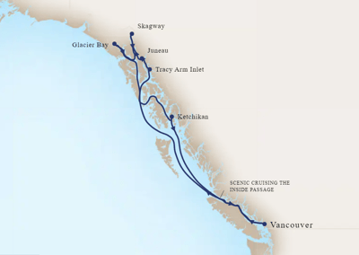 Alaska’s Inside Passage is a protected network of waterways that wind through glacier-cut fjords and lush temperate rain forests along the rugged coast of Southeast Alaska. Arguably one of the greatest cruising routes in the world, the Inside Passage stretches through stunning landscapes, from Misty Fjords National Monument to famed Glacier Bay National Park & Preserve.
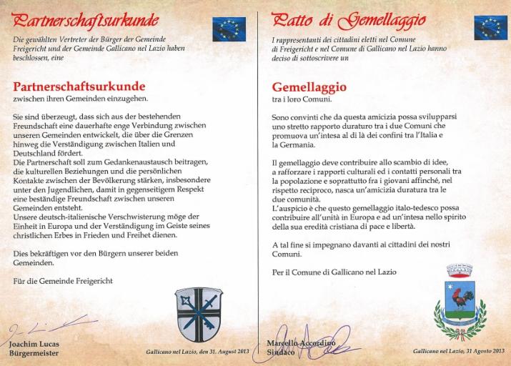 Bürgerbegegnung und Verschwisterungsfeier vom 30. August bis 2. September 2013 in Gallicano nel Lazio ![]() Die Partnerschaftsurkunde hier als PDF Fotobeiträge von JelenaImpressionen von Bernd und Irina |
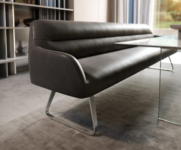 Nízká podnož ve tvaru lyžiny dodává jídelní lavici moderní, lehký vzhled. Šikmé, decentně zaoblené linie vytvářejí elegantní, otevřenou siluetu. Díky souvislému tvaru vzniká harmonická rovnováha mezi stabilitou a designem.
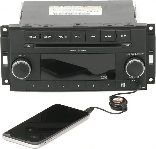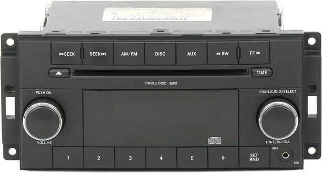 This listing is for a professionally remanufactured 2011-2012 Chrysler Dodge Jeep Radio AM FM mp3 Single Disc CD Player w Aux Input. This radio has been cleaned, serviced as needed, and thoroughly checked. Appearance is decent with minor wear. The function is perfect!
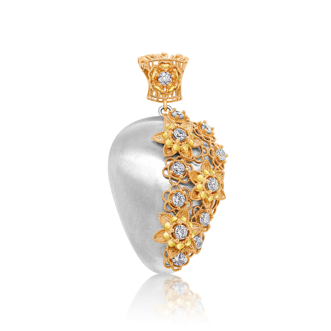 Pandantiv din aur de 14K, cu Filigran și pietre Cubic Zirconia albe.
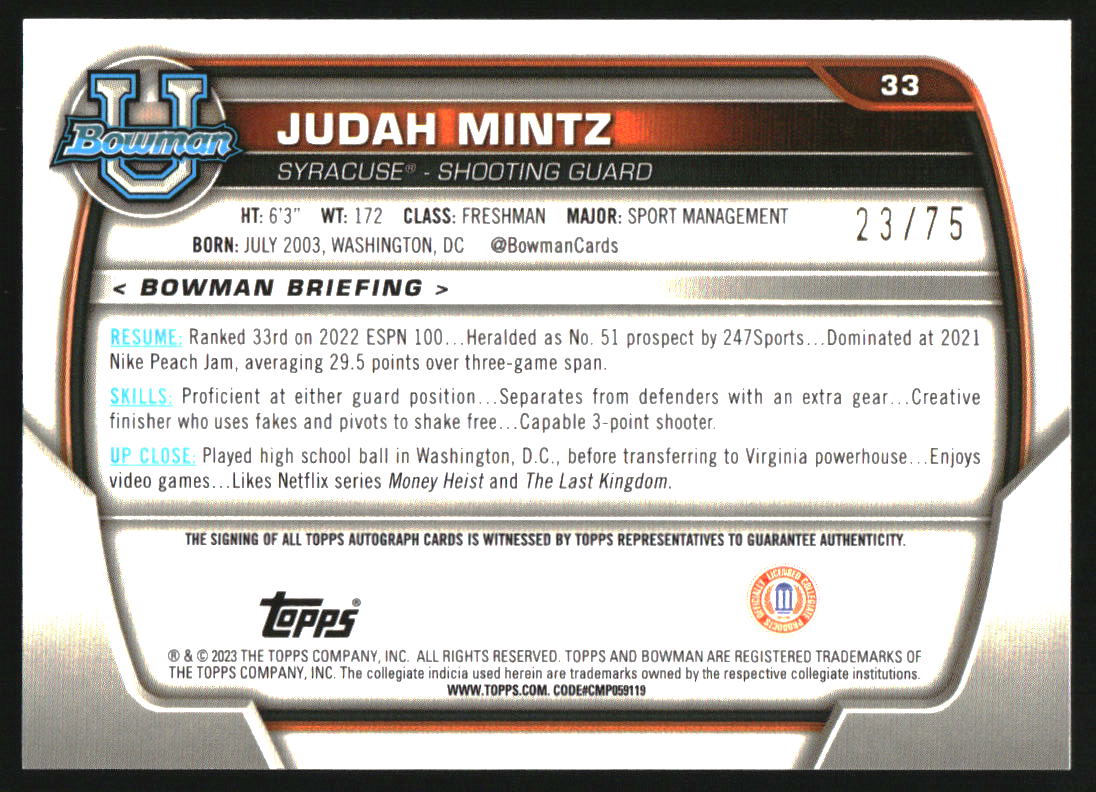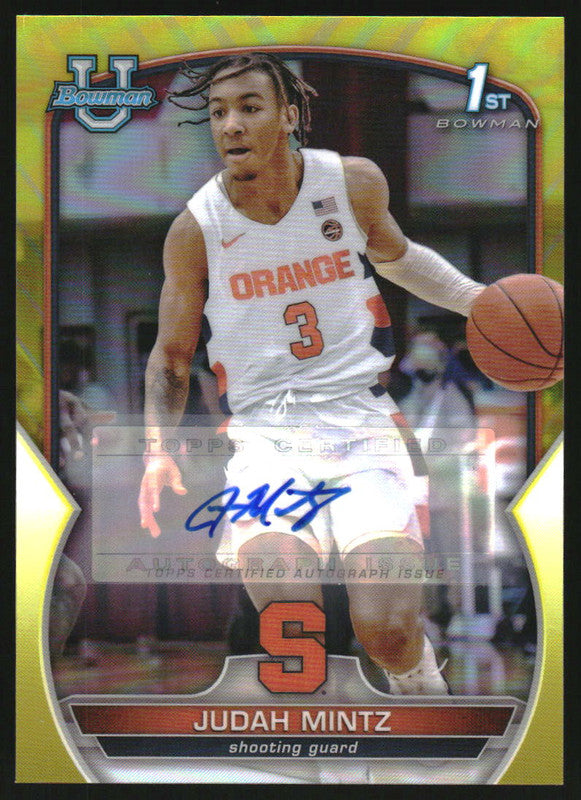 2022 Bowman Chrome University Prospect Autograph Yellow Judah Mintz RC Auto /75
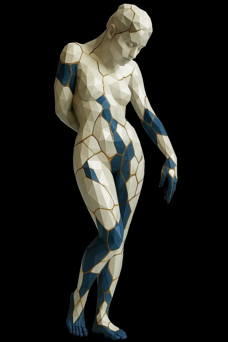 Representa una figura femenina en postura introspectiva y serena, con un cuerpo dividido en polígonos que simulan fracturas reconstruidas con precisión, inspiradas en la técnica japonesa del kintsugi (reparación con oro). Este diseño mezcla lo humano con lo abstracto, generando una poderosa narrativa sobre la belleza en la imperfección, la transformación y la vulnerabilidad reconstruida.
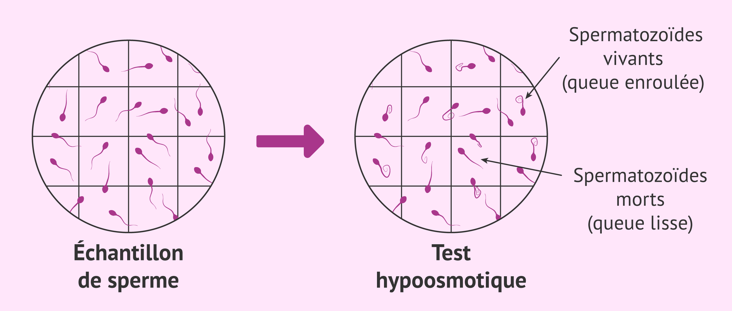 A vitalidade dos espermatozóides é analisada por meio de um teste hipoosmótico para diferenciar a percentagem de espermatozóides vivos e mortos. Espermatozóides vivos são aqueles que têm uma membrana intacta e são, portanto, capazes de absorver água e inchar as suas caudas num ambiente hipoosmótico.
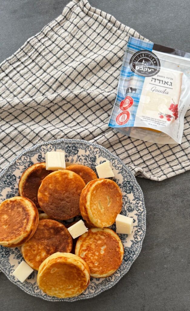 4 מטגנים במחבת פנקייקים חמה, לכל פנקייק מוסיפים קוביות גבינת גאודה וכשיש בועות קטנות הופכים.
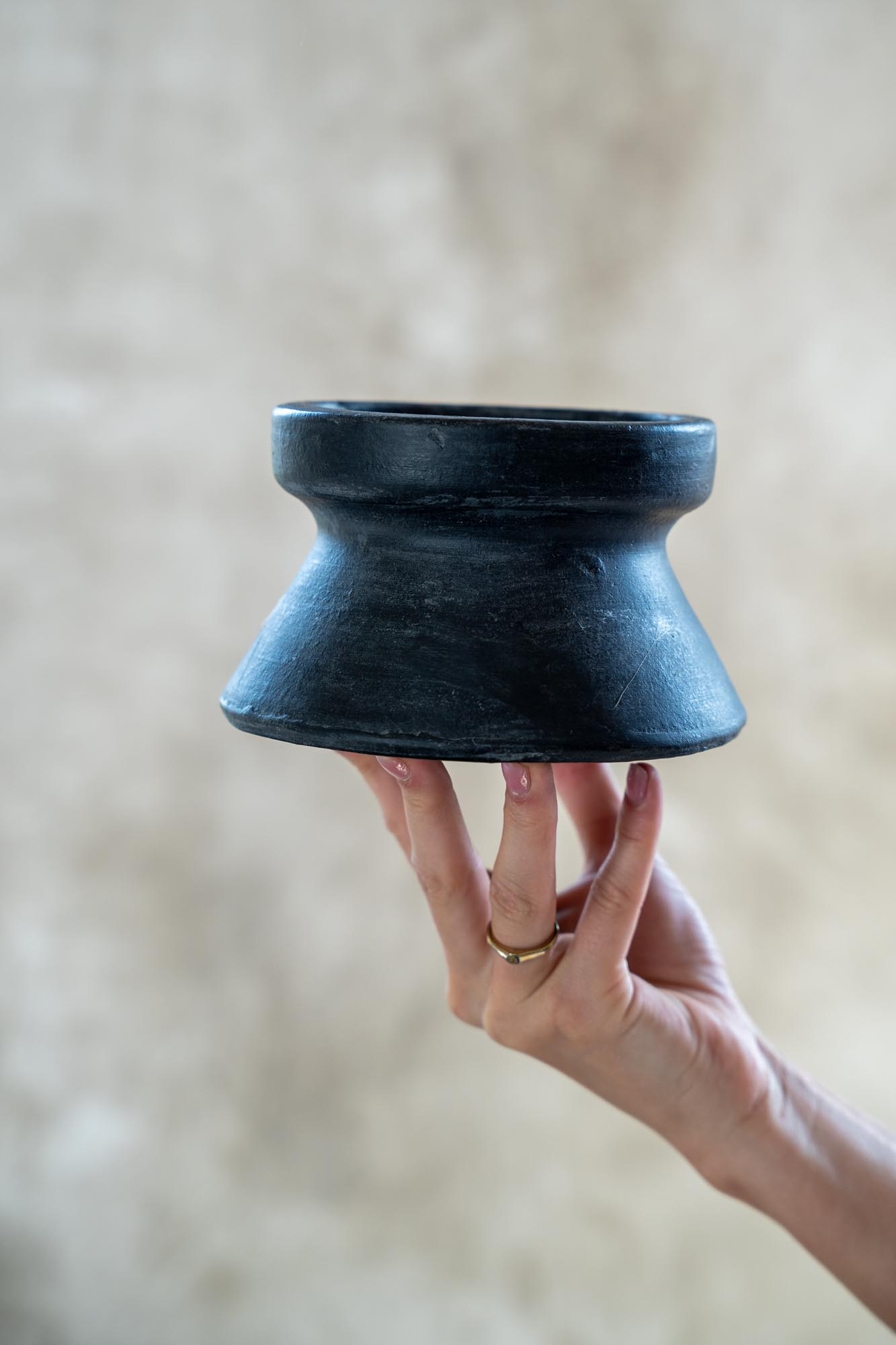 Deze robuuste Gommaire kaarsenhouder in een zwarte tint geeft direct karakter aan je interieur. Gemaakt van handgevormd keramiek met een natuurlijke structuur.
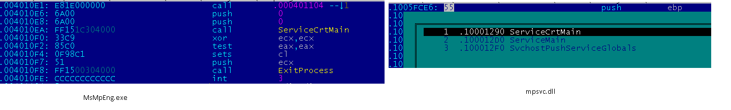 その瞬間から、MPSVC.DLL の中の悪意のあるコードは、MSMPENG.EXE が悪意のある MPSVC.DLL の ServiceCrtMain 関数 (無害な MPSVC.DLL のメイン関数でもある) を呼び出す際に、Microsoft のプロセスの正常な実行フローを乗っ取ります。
------------
| The task |
While skipping the pictures, transcribe the data above from the line showing "Nízká podnož ve" through the line showing "2022 Bowman Chrome", exactly and with both ends.

| Result of the exercise |
 Nízká podnož ve tvaru lyžiny dodává jídelní lavici moderní, lehký vzhled. Šikmé, decentně zaoblené linie vytvářejí elegantní, otevřenou siluetu. Díky souvislému tvaru vzniká harmonická rovnováha mezi stabilitou a designem.
 This listing is for a professionally remanufactured 2011-2012 Chrysler Dodge Jeep Radio AM FM mp3 Single Disc CD Player w Aux Input. This radio has been cleaned, serviced as needed, and thoroughly checked. Appearance is decent with minor wear. The function is perfect!
 Pandantiv din aur de 14K, cu Filigran și pietre Cubic Zirconia albe.
 2022 Bowman Chrome University Prospect Autograph Yellow Judah Mintz RC Auto /75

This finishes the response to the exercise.